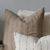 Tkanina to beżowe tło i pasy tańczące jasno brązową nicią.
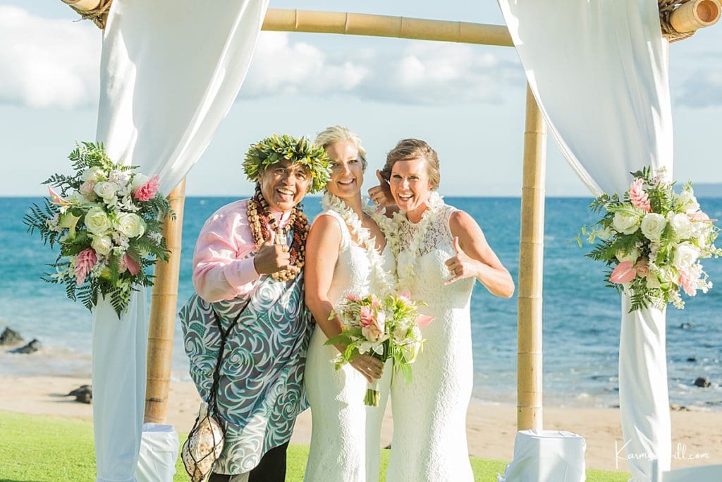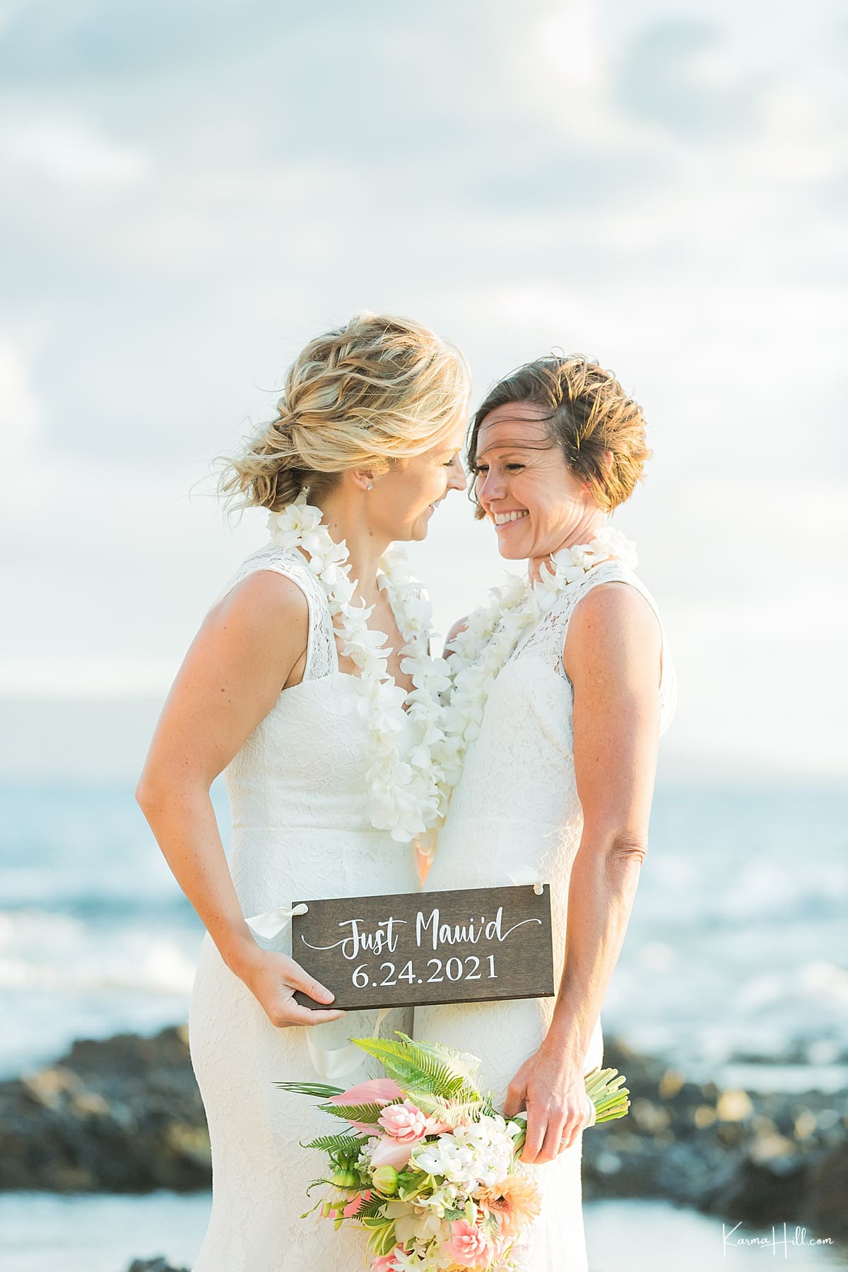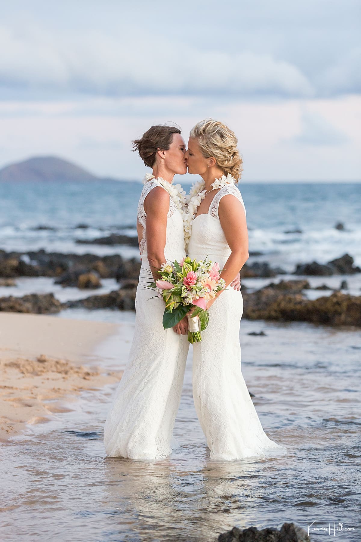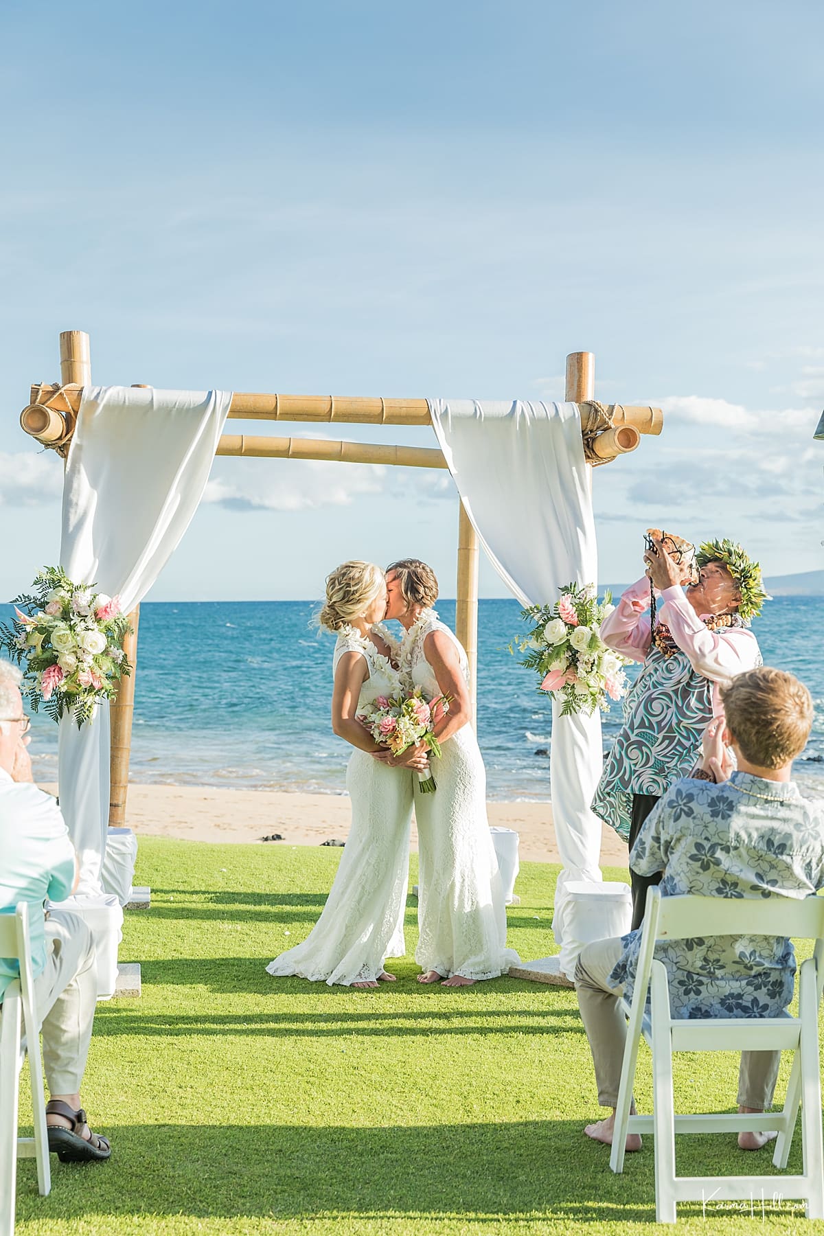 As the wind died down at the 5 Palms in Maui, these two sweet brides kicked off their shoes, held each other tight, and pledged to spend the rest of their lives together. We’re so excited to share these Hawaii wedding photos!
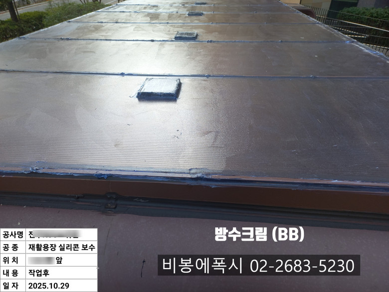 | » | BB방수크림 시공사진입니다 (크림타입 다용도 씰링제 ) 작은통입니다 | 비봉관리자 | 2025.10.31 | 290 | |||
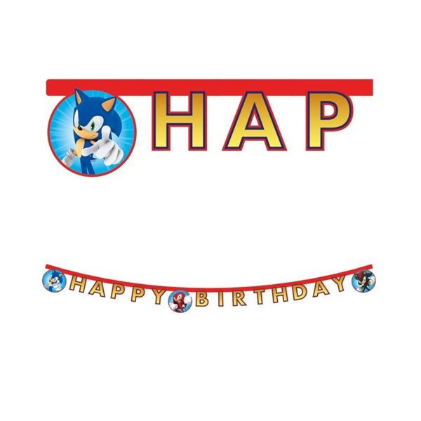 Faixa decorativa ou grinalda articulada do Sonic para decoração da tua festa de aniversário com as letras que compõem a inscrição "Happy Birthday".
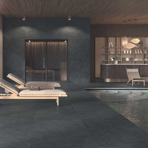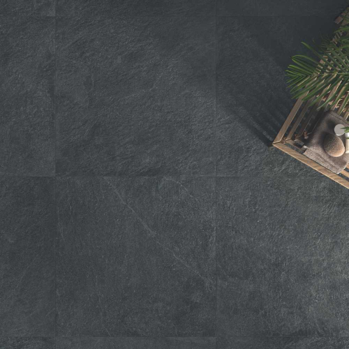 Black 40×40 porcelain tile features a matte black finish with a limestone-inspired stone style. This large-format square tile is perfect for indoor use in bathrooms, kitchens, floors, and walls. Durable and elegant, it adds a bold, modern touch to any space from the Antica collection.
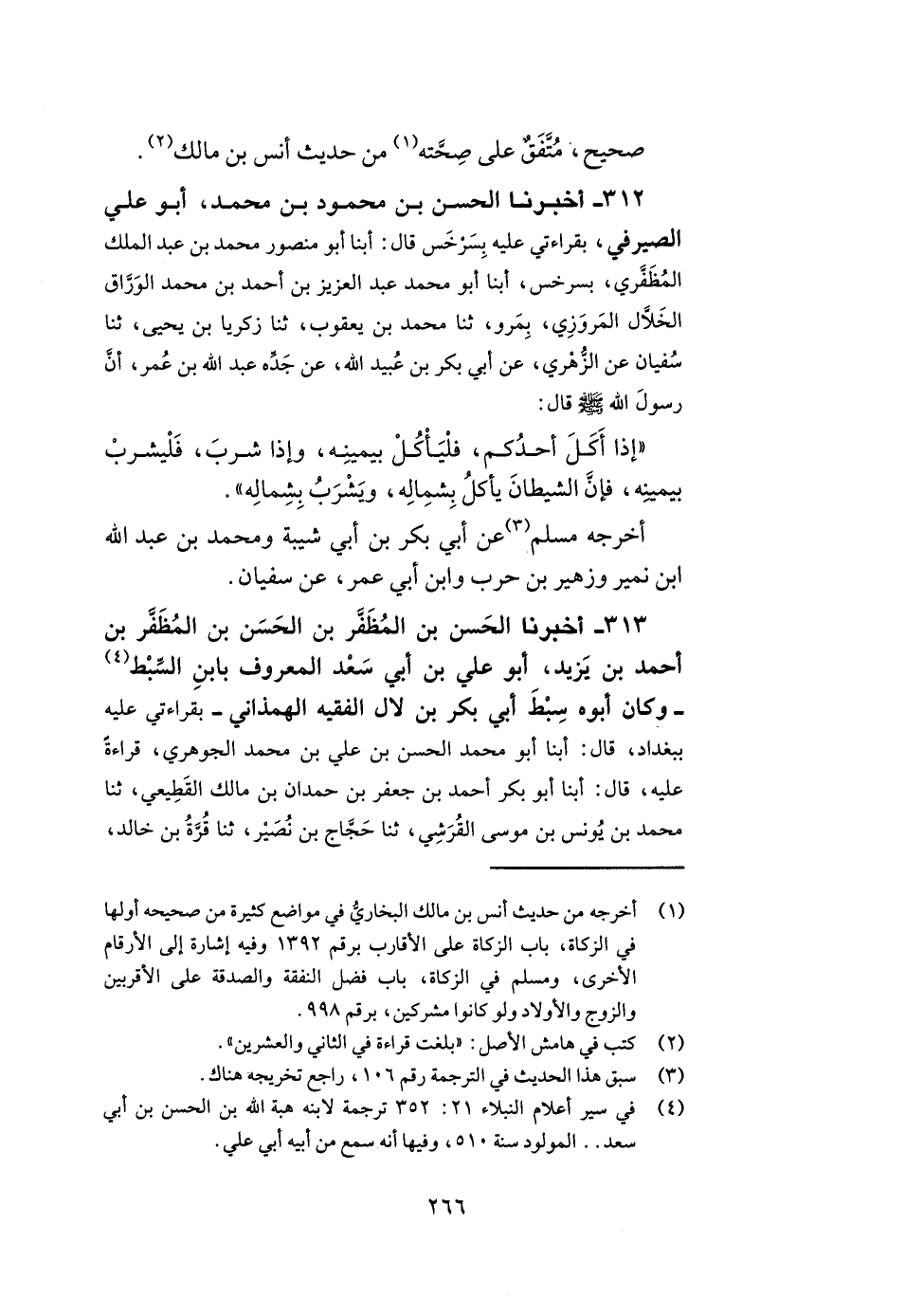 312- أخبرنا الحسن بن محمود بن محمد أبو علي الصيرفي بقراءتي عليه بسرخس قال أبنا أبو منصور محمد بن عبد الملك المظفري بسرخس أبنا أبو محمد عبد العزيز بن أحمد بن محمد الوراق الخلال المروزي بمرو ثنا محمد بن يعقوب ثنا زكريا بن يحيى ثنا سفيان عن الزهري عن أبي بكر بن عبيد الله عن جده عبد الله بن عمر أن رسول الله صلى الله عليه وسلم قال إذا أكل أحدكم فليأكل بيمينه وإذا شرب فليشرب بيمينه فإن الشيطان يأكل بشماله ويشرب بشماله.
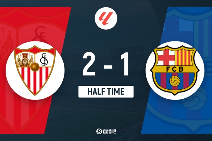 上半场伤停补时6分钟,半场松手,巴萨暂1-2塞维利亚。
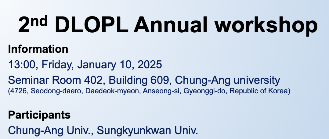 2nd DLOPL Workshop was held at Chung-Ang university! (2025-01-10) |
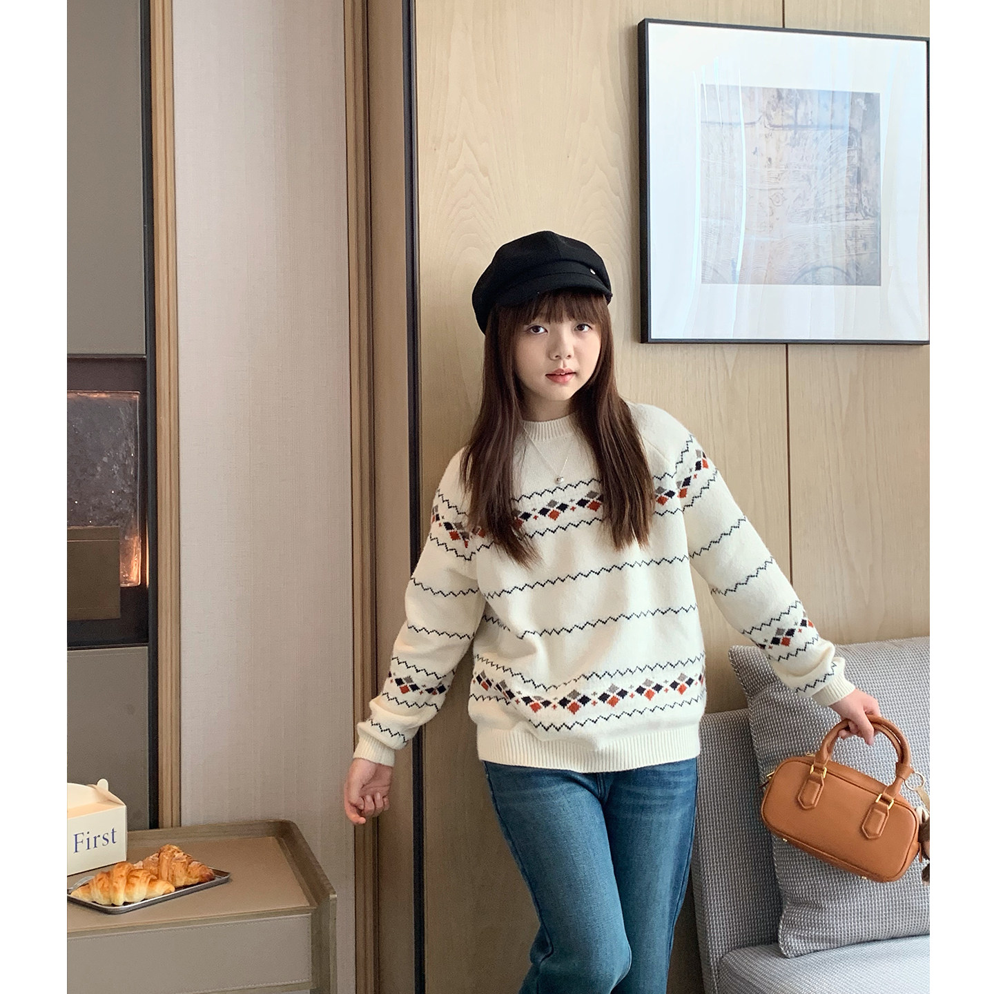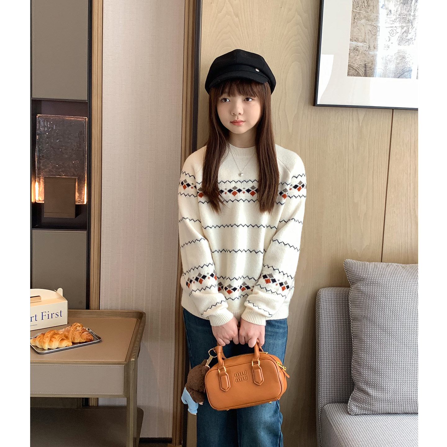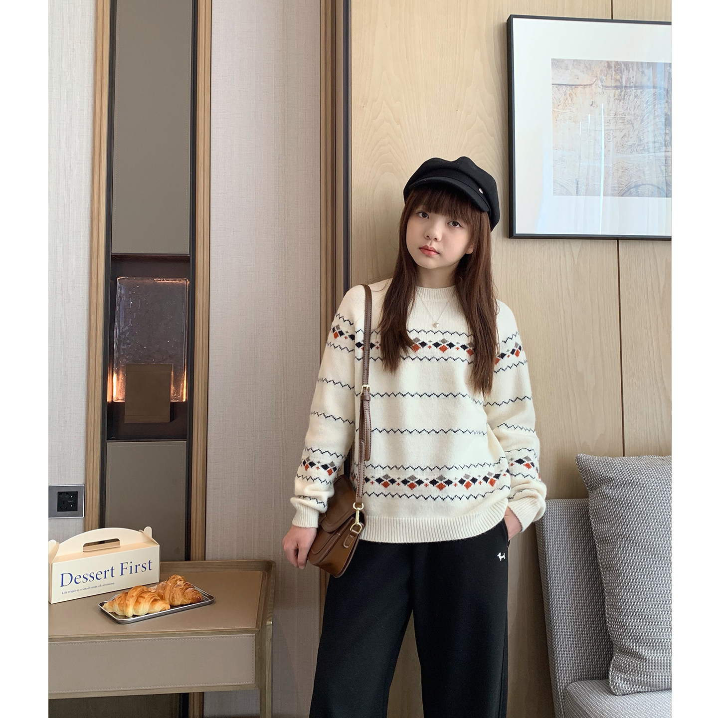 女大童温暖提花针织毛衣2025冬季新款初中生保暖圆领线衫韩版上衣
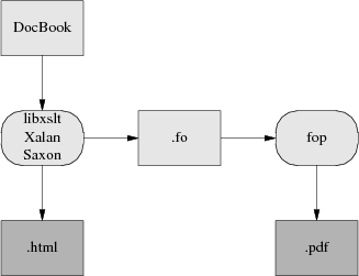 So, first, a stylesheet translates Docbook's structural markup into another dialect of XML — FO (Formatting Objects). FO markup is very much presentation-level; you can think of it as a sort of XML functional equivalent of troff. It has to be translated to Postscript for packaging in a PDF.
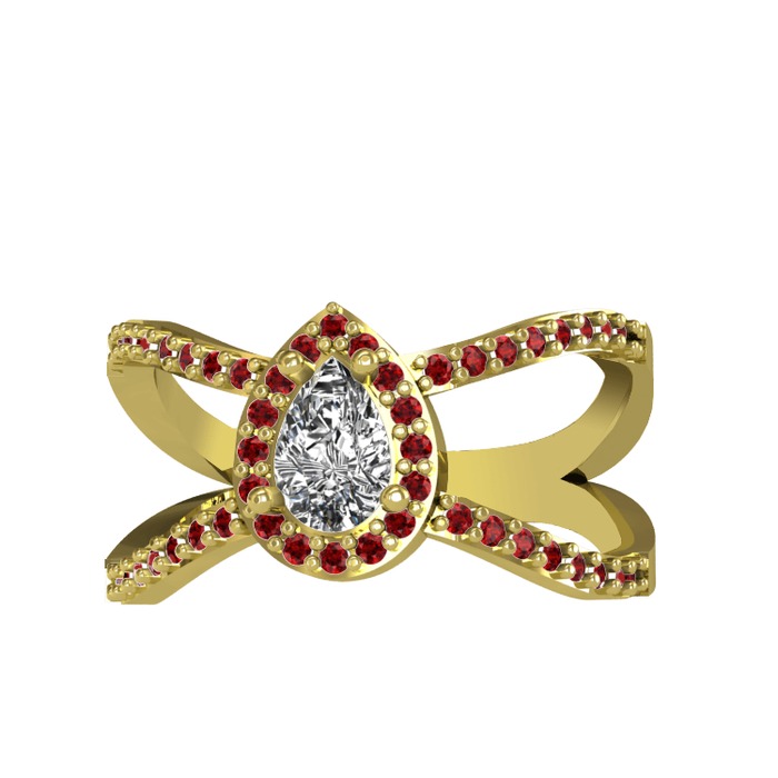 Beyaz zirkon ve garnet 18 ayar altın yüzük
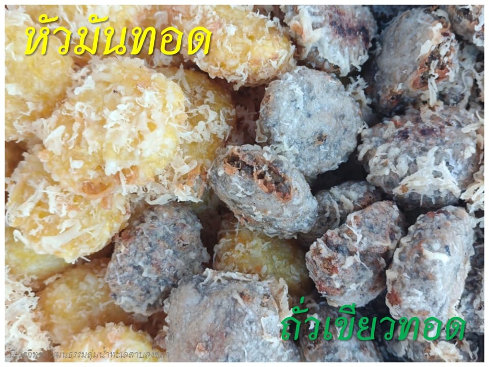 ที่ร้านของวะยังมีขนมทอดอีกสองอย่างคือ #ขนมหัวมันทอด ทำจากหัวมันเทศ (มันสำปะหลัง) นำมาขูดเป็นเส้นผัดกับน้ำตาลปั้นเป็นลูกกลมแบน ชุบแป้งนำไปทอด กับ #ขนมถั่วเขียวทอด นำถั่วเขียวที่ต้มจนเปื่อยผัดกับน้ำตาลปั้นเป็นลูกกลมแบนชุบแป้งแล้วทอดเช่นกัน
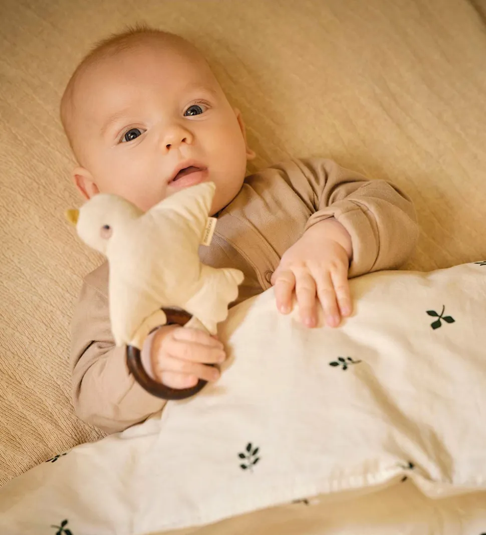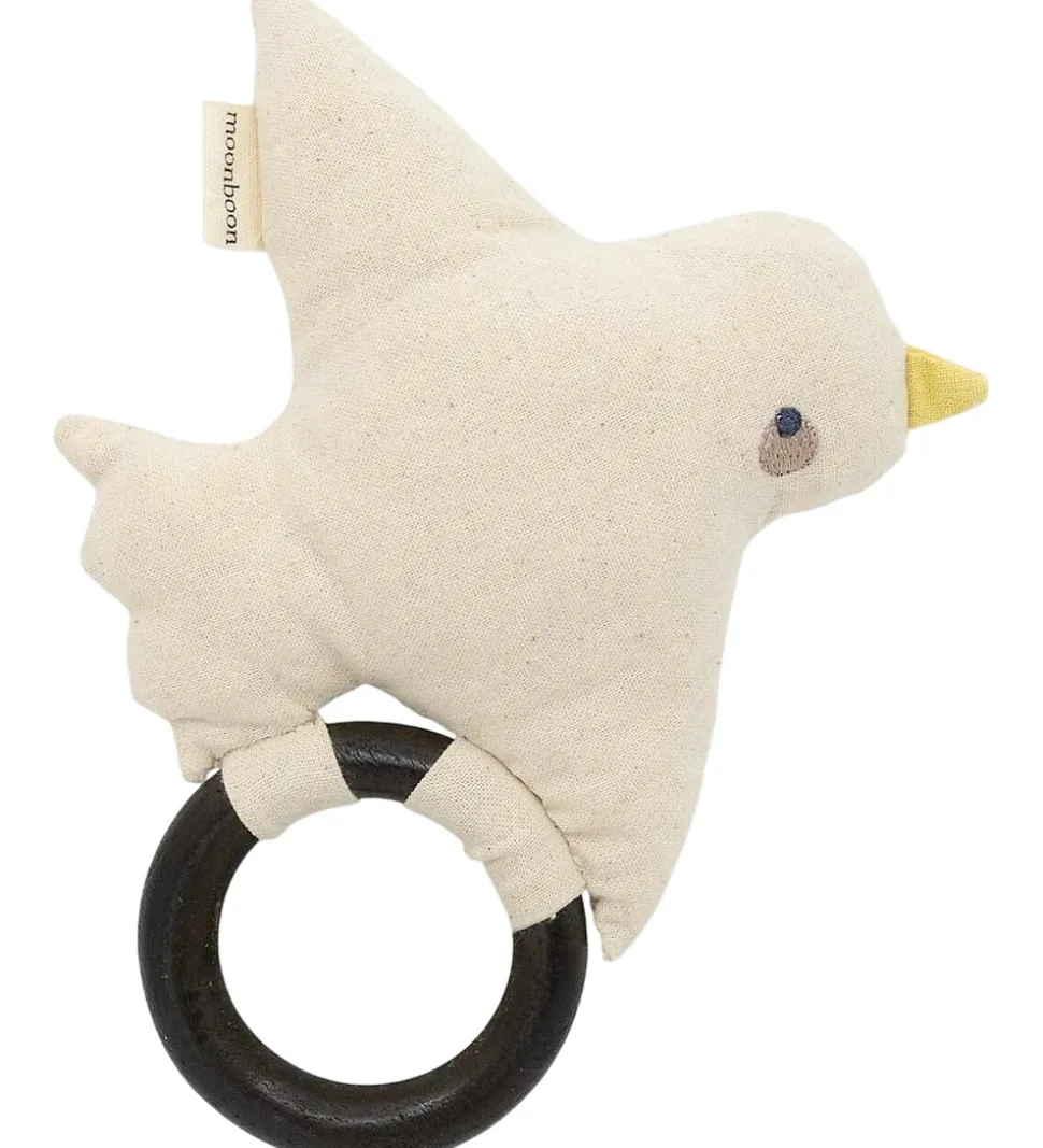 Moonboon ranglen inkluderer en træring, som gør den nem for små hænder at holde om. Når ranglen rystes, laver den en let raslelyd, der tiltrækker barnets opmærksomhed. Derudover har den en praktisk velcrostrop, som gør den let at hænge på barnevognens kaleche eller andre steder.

########################################

### Work item
Your reply should consist solely of the lines above from the line containing "2nd DLOPL Workshop" up to and including the line containing "女大童温暖提花针织毛衣2025冬季新款初中生保暖圆领线衫韩版上衣", reproduced exactly, minus the pictures.

### Response area
 2nd DLOPL Workshop was held at Chung-Ang university! (2025-01-10) |
 女大童温暖提花针织毛衣2025冬季新款初中生保暖圆领线衫韩版上衣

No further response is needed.